Preparing Input Data
Generating PC Sampling Data
First, collect PC sampling data using the continuous sampling library:
# Using the continuous sampling library
export LD_LIBRARY_PATH=$LD_LIBRARY_PATH:/path/to/cupti/lib64:/path/to/pc_sampling_continuous
./libpc_sampling_continuous.pl --app ./your_cuda_application --output samples.data
Extracting CUDA Cubin Files
For source correlation, extract cubin files from your application:
# Extract all cubin files from executable
cuobjdump -xelf all your_cuda_application
# Extract from library files
cuobjdump -xelf all libmy_cuda_library.so
Important: The cuobjdump
version must match the CUDA Toolkit version used to build your application.
Naming Cubin Files
Rename the extracted cubin files sequentially:
# Rename cubin files in order
mv first_extracted_file.cubin 1.cubin
mv second_extracted_file.cubin 2.cubin
mv third_extracted_file.cubin 3.cubin
# ... and so on
The utility expects cubin files to be named 1.cubin
, 2.cubin
, 3.cubin
, etc.
Running the Analysis
Basic Usage
Command Line Options
View all available options:
Common options include:
# Specify input file
./pc_sampling_utility --input samples.data
# Set cubin directory
./pc_sampling_utility --input samples.data --cubin-path ./cubins/
# Enable verbose output
./pc_sampling_utility --input samples.data --verbose
# Filter specific kernels
./pc_sampling_utility --input samples.data --kernel vectorAdd
# Set output format
./pc_sampling_utility --input samples.data --format csv
Understanding the Output
Sample Output Format
Kernel: vectorAdd(float*, float*, float*, int)
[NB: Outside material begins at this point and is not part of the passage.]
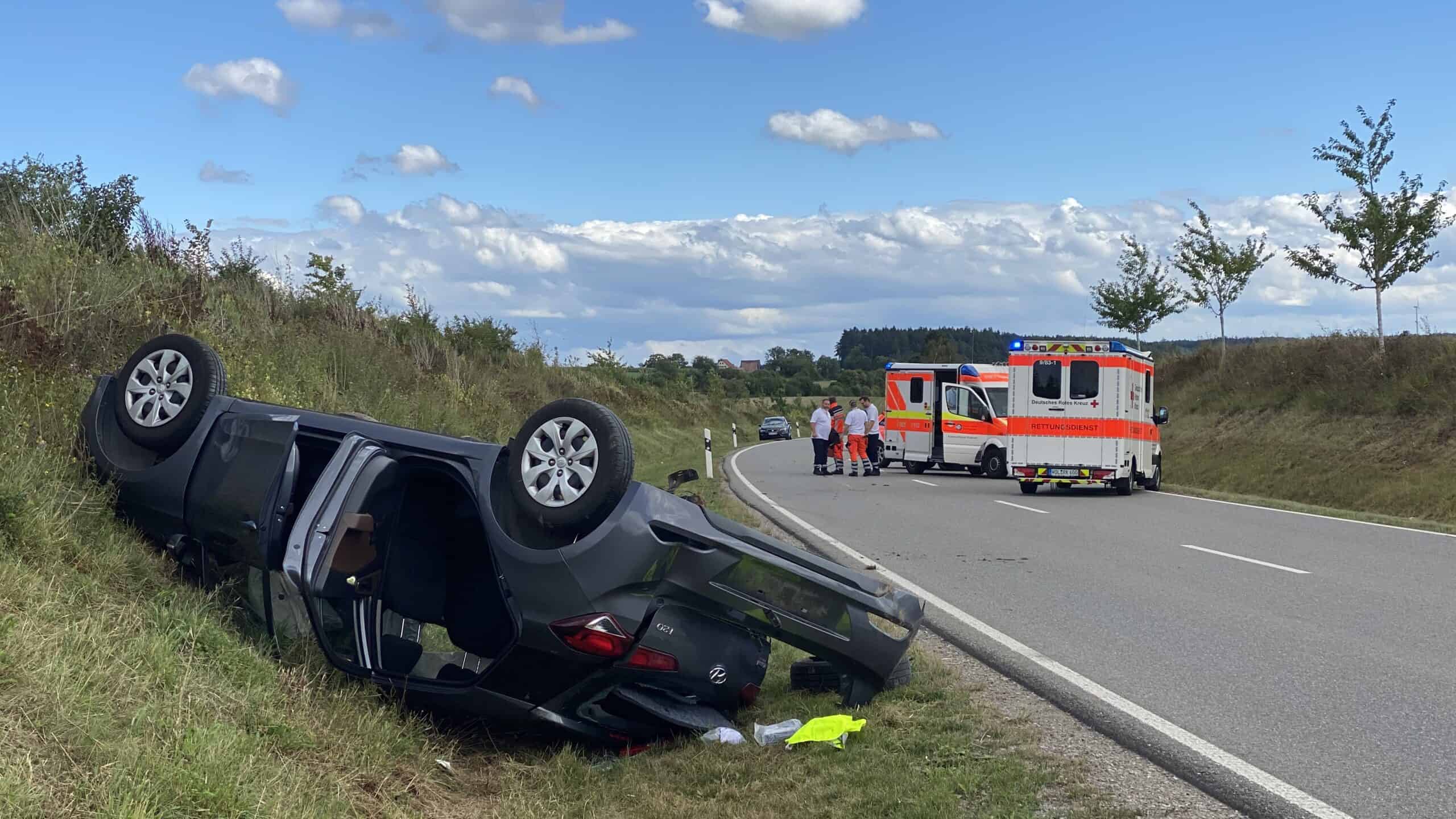 Während der Seat stark beschädigt noch auf der Bundesstraße zum Stehen gekommen ist, wies der seitliche Zusammenprall den anderen Wagen in den Graben ab. Dort überschlug sich der Hyundai, blieb auf dem Dach liegen.

================================================================================
Assembly Analysis:
PC: 0x008 | INST: LDG.E.SYS R2, [R8] | Stall: MEMORY_DEPENDENCY | Count: 245 (15.3%)
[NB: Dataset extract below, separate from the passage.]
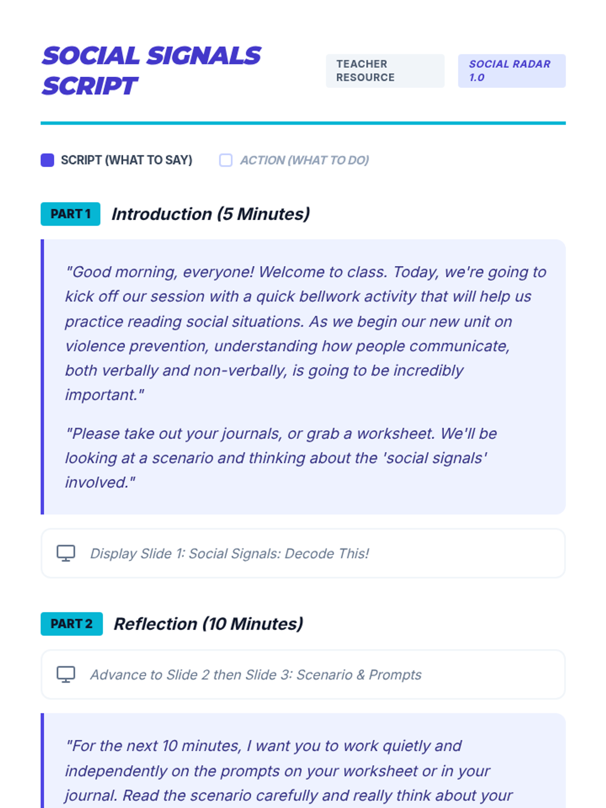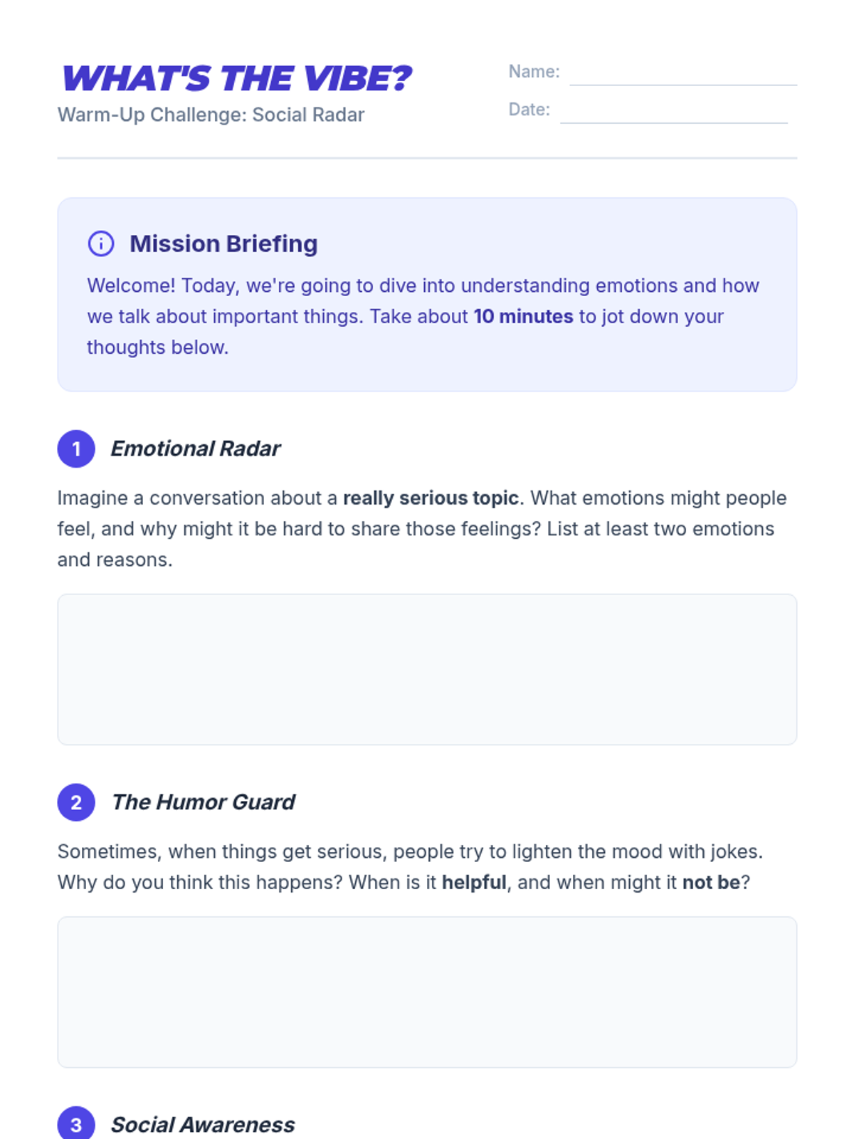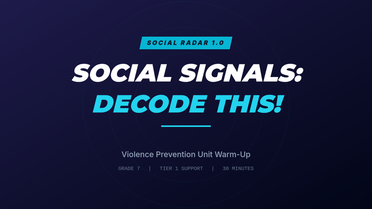 A 30-minute Tier 1 SEL lesson for 7th graders focused on social awareness, emotional literacy, and non-verbal communication as a foundation for violence prevention. Students analyze a social scenario to decode unspoken signals and reflect on the role of humor in serious conversations.

PC: 0x010 | INST: LDG.E.SYS R4, [R10] | Stall: MEMORY_DEPENDENCY | Count: 198 (12.4%)
PC: 0x018 | INST: FADD R6, R2, R4 | Stall: EXECUTION_DEPENDENCY | Count: 89 (5.6%)
PC: 0x020 | INST: STG.E.SYS [R12], R6 | Stall: MEMORY_DEPENDENCY | Count: 156 (9.7%)
Source Correlation:
PC: 0x008 | File: vector_add.cu | Line: 42 | Code: float a = A[i];
PC: 0x010 | File: vector_add.cu | Line: 43 | Code: float b = B[i];
PC: 0x018 | File: vector_add.cu | Line: 44 | Code: float result = a + b;
PC: 0x020 | File: vector_add.cu | Line: 45 | Code: C[i] = result;
Performance Summary:
Total Samples: 1599
Memory Bound: 599 samples (37.5%)
Execution Bound: 234 samples (14.6%)
Scheduler Limited: 445 samples (27.8%)
Other: 321 samples (20.1%)
Key Metrics to Analyze
- Stall Distribution: Which stall reasons dominate your kernel execution
- Hotspot Instructions: Assembly instructions with the highest sample counts
- Memory Access Patterns: How memory operations contribute to stalls
- Source Line Correlation: Which source lines correspond to performance issues
Practical Analysis Workflows
Identifying Memory Bottlenecks
- Look for MEMORY_DEPENDENCY stalls: High counts indicate memory-bound kernels
- Analyze access patterns: Check if accesses are coalesced
- Consider caching strategies: Evaluate shared memory or texture memory usage
Example workflow:
# Focus on memory-related stalls
./pc_sampling_utility --input samples.data --filter-stall MEMORY_DEPENDENCY
# Analyze specific memory instructions
./pc_sampling_utility --input samples.data --filter-instruction "LDG\|STG"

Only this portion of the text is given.